[Provided data Boundary: Start]
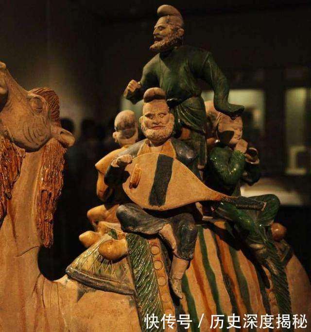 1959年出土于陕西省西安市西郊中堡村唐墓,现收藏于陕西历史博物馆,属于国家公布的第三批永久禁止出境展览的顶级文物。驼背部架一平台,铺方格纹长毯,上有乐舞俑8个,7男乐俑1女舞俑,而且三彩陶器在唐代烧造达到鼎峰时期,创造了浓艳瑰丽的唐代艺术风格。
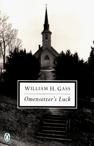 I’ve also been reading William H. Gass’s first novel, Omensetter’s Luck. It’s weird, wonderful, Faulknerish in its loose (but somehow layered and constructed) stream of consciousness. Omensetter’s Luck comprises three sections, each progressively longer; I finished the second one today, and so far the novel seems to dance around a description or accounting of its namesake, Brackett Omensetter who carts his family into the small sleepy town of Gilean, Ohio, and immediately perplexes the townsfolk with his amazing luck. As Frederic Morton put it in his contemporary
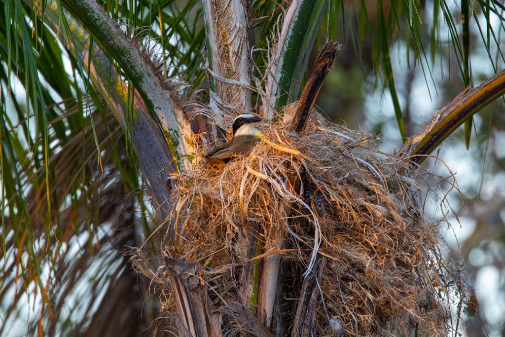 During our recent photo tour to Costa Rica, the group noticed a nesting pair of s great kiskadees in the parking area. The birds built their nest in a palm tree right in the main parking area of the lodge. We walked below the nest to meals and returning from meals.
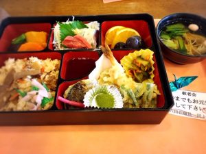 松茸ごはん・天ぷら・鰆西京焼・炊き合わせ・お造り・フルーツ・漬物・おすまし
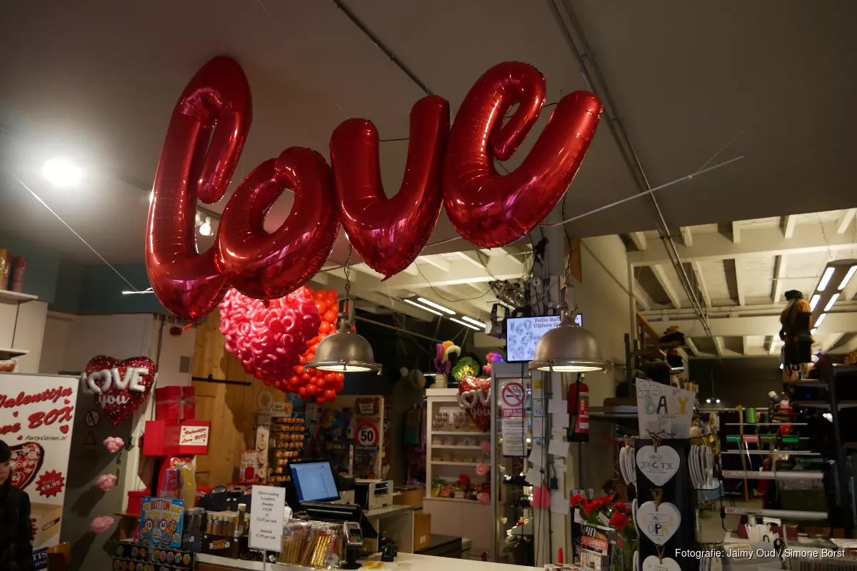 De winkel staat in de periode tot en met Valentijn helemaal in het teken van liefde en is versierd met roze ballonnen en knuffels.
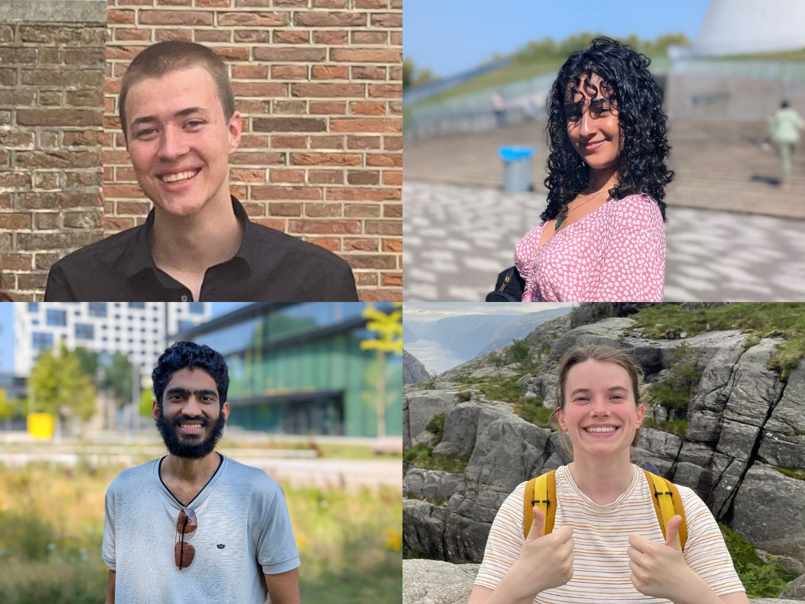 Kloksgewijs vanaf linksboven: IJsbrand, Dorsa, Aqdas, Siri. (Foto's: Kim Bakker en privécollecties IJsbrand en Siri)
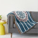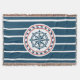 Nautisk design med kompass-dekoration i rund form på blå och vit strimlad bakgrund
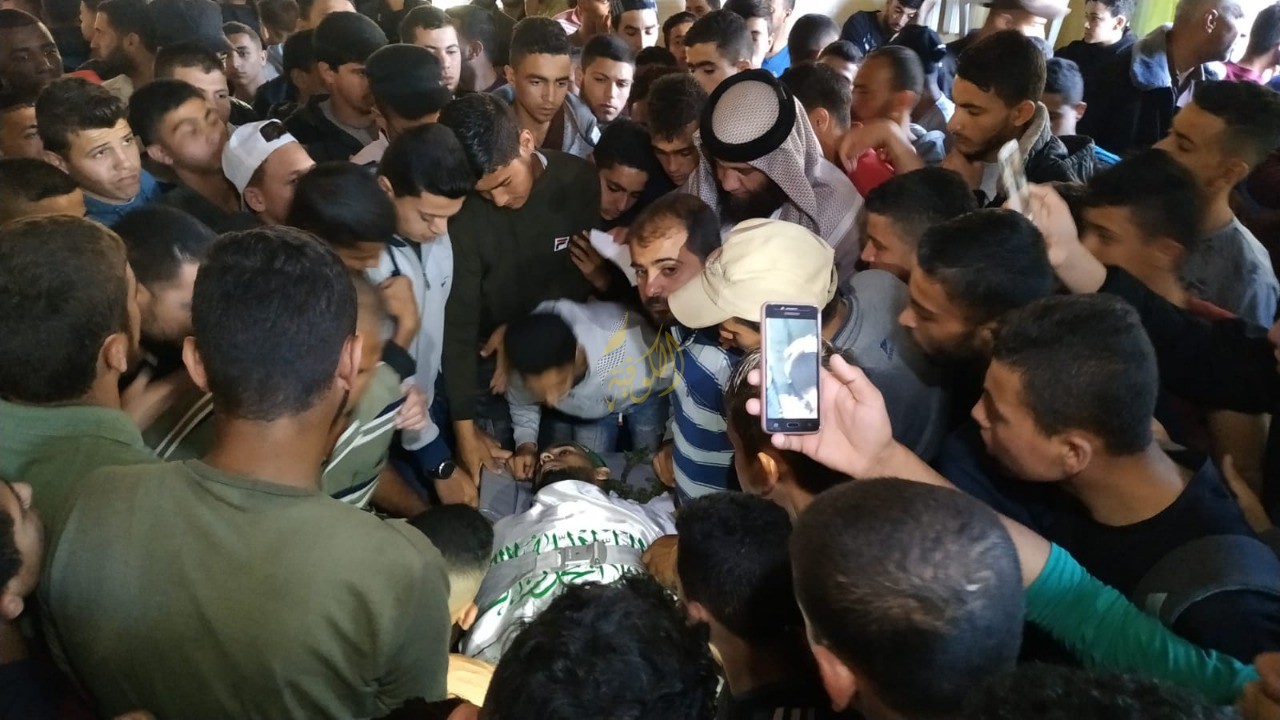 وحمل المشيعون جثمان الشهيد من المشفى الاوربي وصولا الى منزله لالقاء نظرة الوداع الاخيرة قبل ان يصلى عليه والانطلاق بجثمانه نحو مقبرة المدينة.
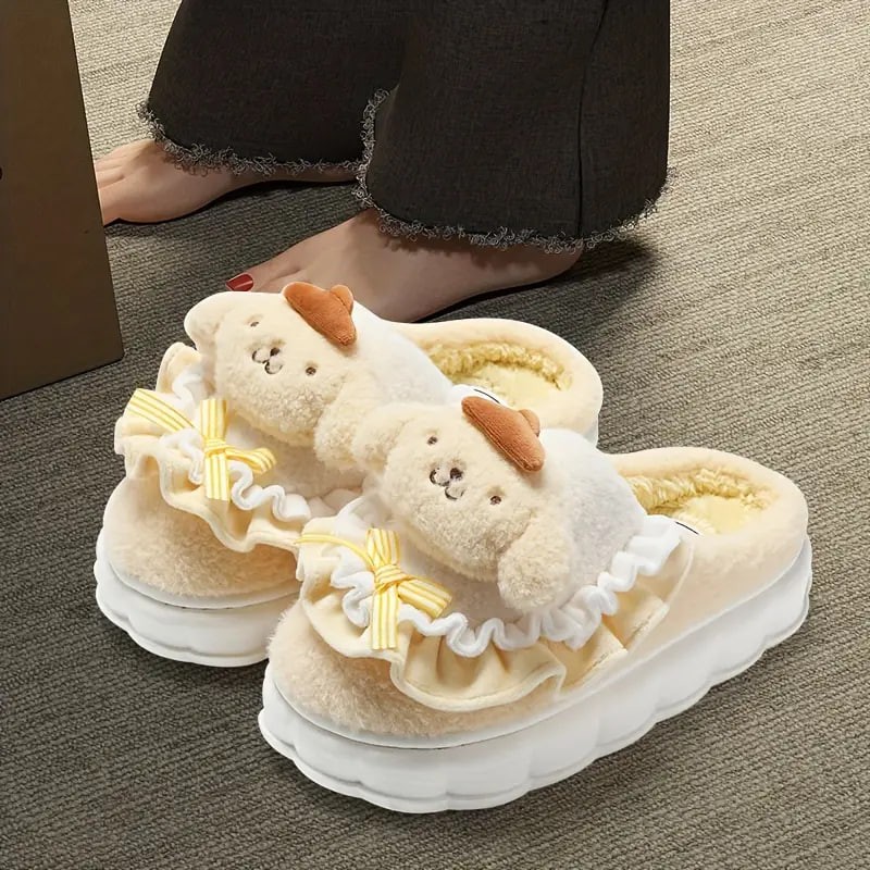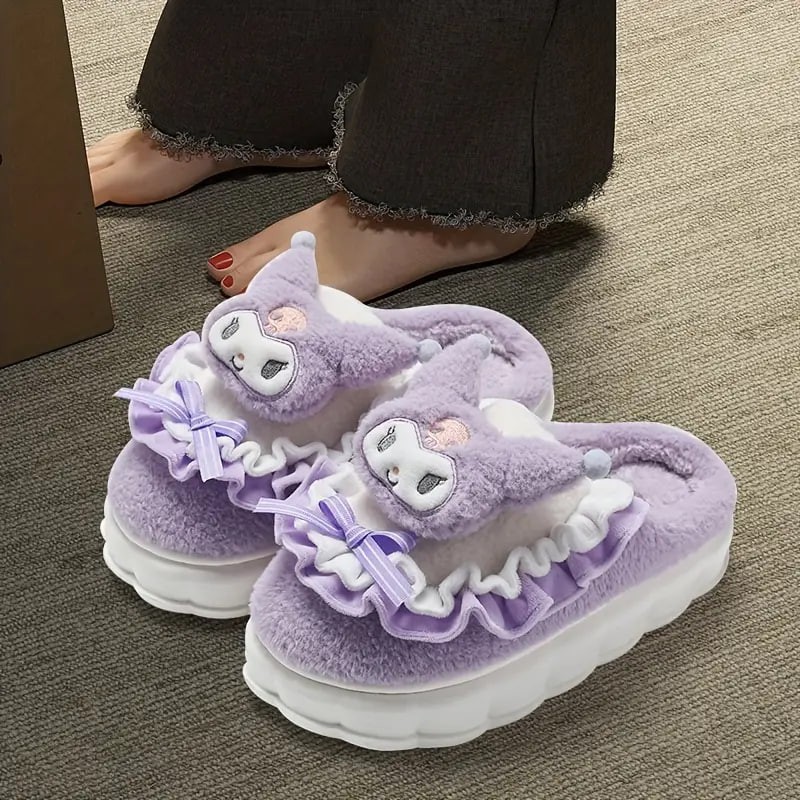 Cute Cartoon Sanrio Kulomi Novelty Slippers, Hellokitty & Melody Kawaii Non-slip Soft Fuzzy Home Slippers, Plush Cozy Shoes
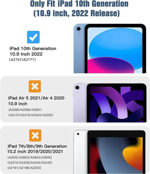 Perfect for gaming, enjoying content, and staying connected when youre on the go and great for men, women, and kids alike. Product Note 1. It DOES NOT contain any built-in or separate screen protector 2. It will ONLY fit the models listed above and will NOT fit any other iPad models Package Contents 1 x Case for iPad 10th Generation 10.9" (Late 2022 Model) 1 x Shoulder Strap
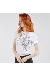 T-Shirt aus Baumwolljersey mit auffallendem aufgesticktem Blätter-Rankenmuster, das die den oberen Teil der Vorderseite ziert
[Provided data Boundary: End]
__What the task requires__.
Copy out the lines above from the line containing "Kloksgewijs vanaf linksboven: IJsbrand, Dorsa, Aqdas, Siri." through the line containing "Nautisk design med", exactly, and keep the pictures out.

__Exercise result__.
 Kloksgewijs vanaf linksboven: IJsbrand, Dorsa, Aqdas, Siri. (Foto's: Kim Bakker en privécollecties IJsbrand en Siri)
 Nautisk design med kompass-dekoration i rund form på blå och vit strimlad bakgrund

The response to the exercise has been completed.